--- Action item ---
All of the data below should be printed again word for word, pictures excluded.
- - - - - - -
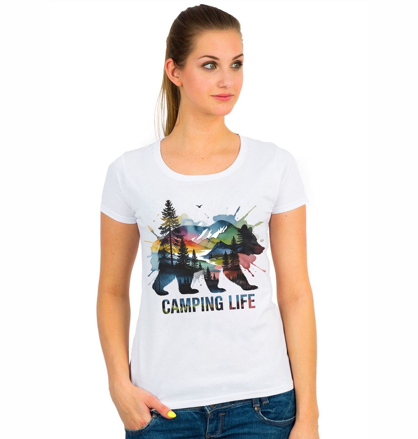 Dámské tričko Camping Life Barevný Medvěd. Barevný umělecký motiv medvěda, jehož tělo tvoří krajina s horami, lesy a vodou. Design doplňuje nápis „CAMPING LIFE“ (Kempovací život), který vyjadřuje lásku k přírodě, dobrodružství a pobytu venku. Tento motiv je vhodný pro kempaře, cestovatele a všechny, kdo milují spaní pod širákem.
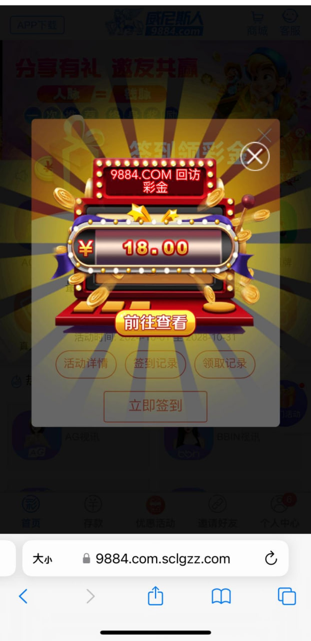 威尼斯人9884 好久没登录了 之前充值过 弹窗领到了18 有号的可以去看看 网址 9884.com
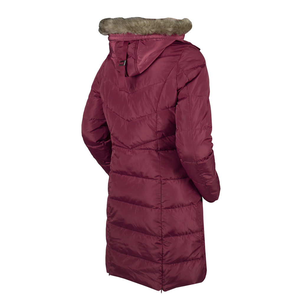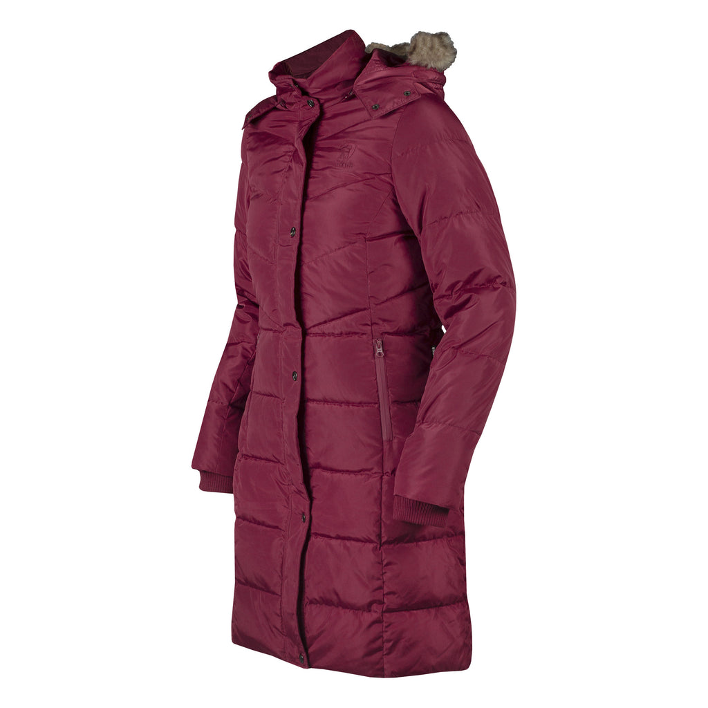 Een warme lange winterjas van extra waterafstotend materiaal. Zowel de capuchon zelf als het imitatiebont op de capuchon is afneembaar. Uitgevoerd met waterafstotende ritsen, en warm fleecebont aan de bovenste helft van de binnenkant. Aan de achterkant heeft de jas splitten, zodat de bewegingsvrijheid niet beperkt wordt.
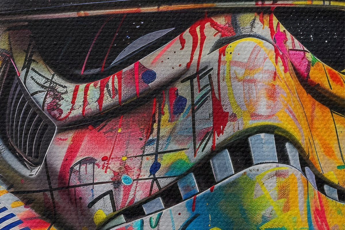 Foto Un casco de soldado de asalto de Star Wars cubierto de vibrantes arte callejero y graffiti Nr r39453
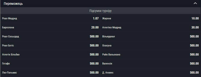 Перед 24-м туром чемпионата Испании на трофей жиронцев котировки составляли 6.50. Однако подопечные Мичела разгромно уступили прямому конкуренту за титул «Реалу» 0:4, поэтому коэффициент очень резко поднялся.
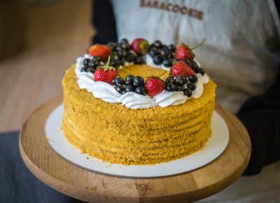 Медовик 1 990 ₽ Декор Выберите параметр Декор Без декора Ягоды (сезонные из наличия) В корзину В корзину Описание Описание Состав теста: Мука, сахар, масло сливочное, мед, яйцо, соль, сода. Состав крема: сметана, сахар. Срок хранения в холодильнике 72 ч Белки Жиры Углеводы Ккал На 100 г: 6,4 21,1 56,3 440,3 Поделиться
- - - - - - -
--- Task output ---
 Dámské tričko Camping Life Barevný Medvěd. Barevný umělecký motiv medvěda, jehož tělo tvoří krajina s horami, lesy a vodou. Design doplňuje nápis „CAMPING LIFE“ (Kempovací život), který vyjadřuje lásku k přírodě, dobrodružství a pobytu venku. Tento motiv je vhodný pro kempaře, cestovatele a všechny, kdo milují spaní pod širákem.
 威尼斯人9884 好久没登录了 之前充值过 弹窗领到了18 有号的可以去看看 网址 9884.com
 Een warme lange winterjas van extra waterafstotend materiaal. Zowel de capuchon zelf als het imitatiebont op de capuchon is afneembaar. Uitgevoerd met waterafstotende ritsen, en warm fleecebont aan de bovenste helft van de binnenkant. Aan de achterkant heeft de jas splitten, zodat de bewegingsvrijheid niet beperkt wordt.
 Foto Un casco de soldado de asalto de Star Wars cubierto de vibrantes arte callejero y graffiti Nr r39453
 Перед 24-м туром чемпионата Испании на трофей жиронцев котировки составляли 6.50. Однако подопечные Мичела разгромно уступили прямому конкуренту за титул «Реалу» 0:4, поэтому коэффициент очень резко поднялся.
 Медовик 1 990 ₽ Декор Выберите параметр Декор Без декора Ягоды (сезонные из наличия) В корзину В корзину Описание Описание Состав теста: Мука, сахар, масло сливочное, мед, яйцо, соль, сода. Состав крема: сметана, сахар. Срок хранения в холодильнике 72 ч Белки Жиры Углеводы Ккал На 100 г: 6,4 21,1 56,3 440,3 Поделиться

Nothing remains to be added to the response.